10.6: How to use OCR with HP multi-function printers

Feb 18, '10 07:30:01AM

Contributed by: sjinsjca

Snow Leopard only hintHP's printer software and utilities were replaced with built-in items in OS X Snow Leopard, after a few tense days where HP initially declined to support the new operating system. Many of us remember our outrage when some HP spokesdrone actually stated that users should buy new printers if they wanted Snow Leopard support. Those of us who didn't run screaming to Canon or some other brand have made do with a reduced feature-set for our HP printers. In particular, OCR functionality is no longer supported by HP.

I tried the following, and not only did it work for me, but it was a really sweet solution. At its heart is Tesseract, an open-source OCR engine that originated at HP (how's that for irony) and is currently maintained (and used) by Google.

I found that some of the online instructions for deploying and using Tesseract were a little bit confusing and contradictory. But here's what worked for me. As always: proceed at your own risk; I make no guarantees, and while I have tried to be careful I can't be certain that all the necessary steps are present, or safe, nor can I provide support.
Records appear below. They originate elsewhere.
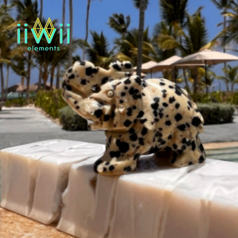 Welcome joy and positivity with our playful Dalmatian Jasper Elephant, expertly crafted to uplift your spirit.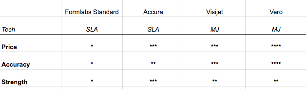 For this example, let’s assume we take Desktop SLA (say Formlabs Standard Resin, let’s go for white), industrial SLA (say 3D Systems Accura Xtreme White), Multi-jetting (3D Systems Visijet RW), and Polyjet (Stratasys Vero White).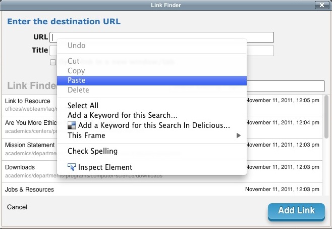This could also be accomplished by navigating to the link on the DePauw BigTree site (rather than the Admin screen) and locating the link. Right click the link then choose "Copy Link Location" from your pop-up menu.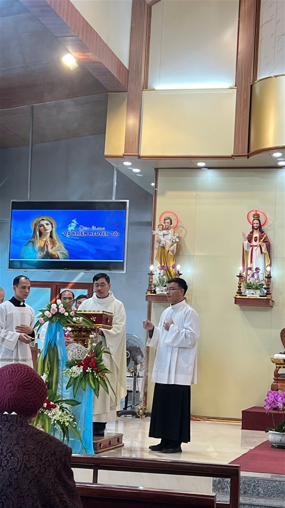 Đúng 10g00, cộng đoàn long trọng bước vào Thánh lễ mừng kính Đức Maria Vô Nhiễm Nguyên Tội, do cha quản hạt – Đại diện Giám mục miền Cao Bằng – Tôma Aq. Ngô Văn Khảo, chánh xứ Thanh Sơn, chủ tế. Đồng tế với ngài có quý cha trong hạt, cùng sự hiện diện đông đảo của quý tu sĩ, chủng sinh, cộng đoàn dân Chúa và anh chị em hội viên Legio Mariae từ các giáo xứ trong vùng.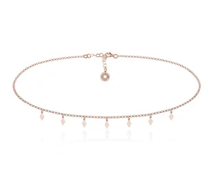 Srebrny choker z zawieszkami Wykonany ze srebra pr. 925 dodatkowo uszlachetniony różowym złotem. Długość minimalna to ok. 34 cm, maksymalna - ok. 37 cm. Wymiary zawieszek to ok.

With that caveat out of the way:

  1. Be logged in to your Mac as an Adminstrator.
  2. Download Tesseract 2.04 [1.1MB download]
  3. Expand the downloaded file. The expansion process will create a new subfolder, tesseract-2.04, inside your Downloads folder.
  4. Download the English dictionary file [992KB download]
  5. Expand the dictionary download. Copy the contents of the resulting folder to the tessdata subfolder inside the aforementioned tesseract-2.04 folder.
  6. Open a Terminal window (sorry), and cd ~/Downloads/tesseract-2.04.
  7. Issue the following three commands (without the $ prompt). Each will take a minute or two to run:
    $ ./configure
    $ make
    $ sudo make install
    Actually, if you're logged in as an Administrator as I recommended, you won't need the sudo).
You have now installed your OCR engine. It can OCR uncompressed .tif files (only) very quickly. However, they must have a .tif extension, not .tiff.

How to OCR

There's a quick way with Terminal, and a cool way with Folder Actions; I'll describe both.
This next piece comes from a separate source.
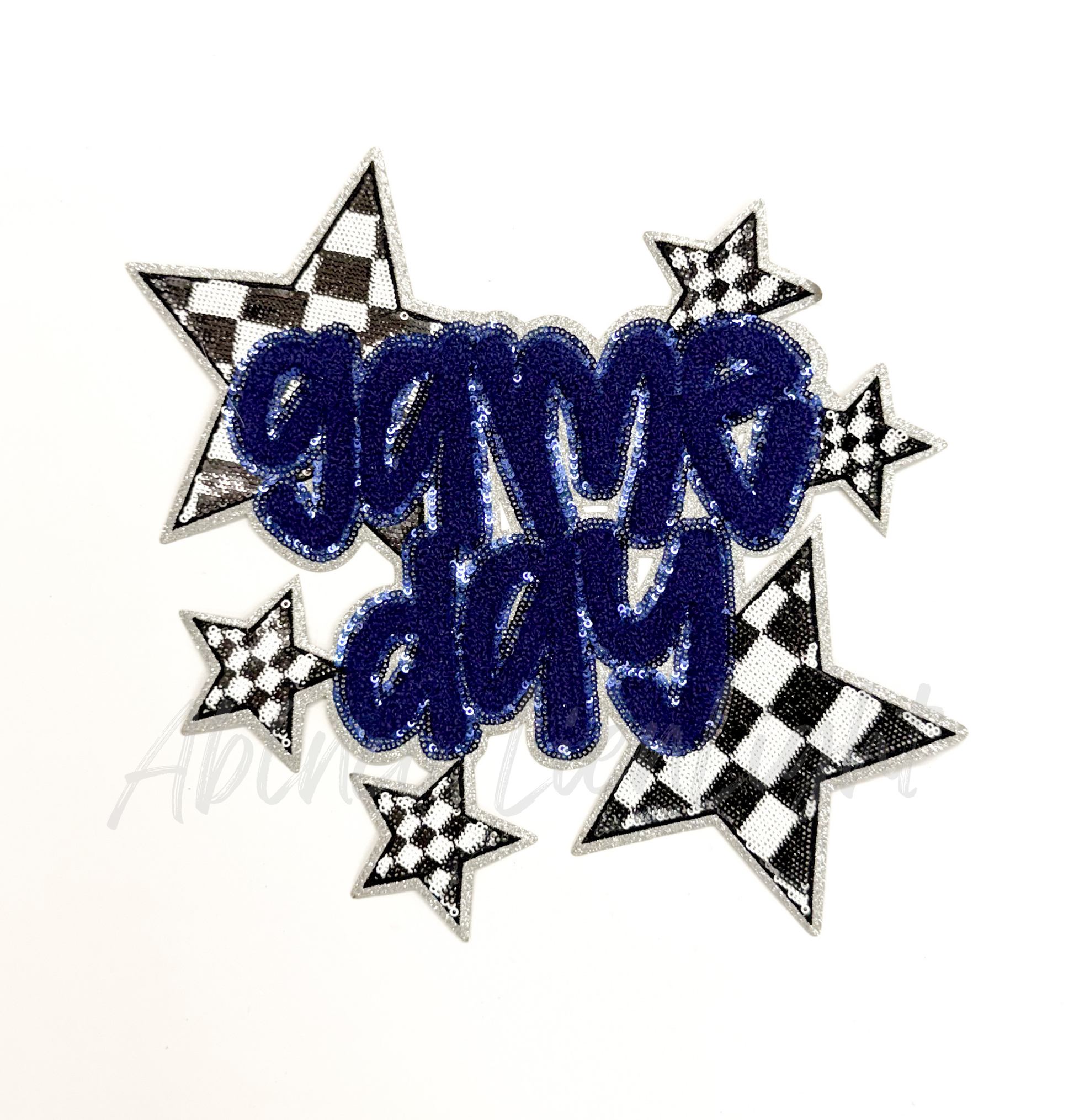 Navy Game Day Checkered Star Sequins Chenille Patch

Terminal: To create a converted text file of name someimage.txt from an uncompressed .tif file named someimage.tif, issue this command while cded to the folder containing the .tif:
/usr/local/bin/tesseract someimage.tif someimage_text
It's that easy. Now, my HP all-in-one's scanner produces a few graphics formats including .png, but not uncompressed .tif No matter, Apple's built-in Folder Action which converts images to .tif outputs uncompressed .TIF files when fed a .png file from the scanner. Or, you can load your scanned image into Preview and Save As to the .tif format; just be sure to select no compression.

Folder Action OCR: I made a sweet Folder Action script (my very first!) by slightly modifying an existing Folder Action script from Apple which converts file formats by calling a shell script. In this case, I modified the script to call the shell script above. Just open the Folder Action script editor and paste the following code in; it works beautifully.
(*
convert - do ocr via shell script

This Folder Action handler is triggered whenever items are added to
the attached folder.

The script convert files from uncompressed .tif format to PDF using
the open-source Tesseract OCR engine,
http://code.google.com/p/tesseract-ocr/

Copyright © 2002–2007 Apple Inc. [with mods by sjinsjca]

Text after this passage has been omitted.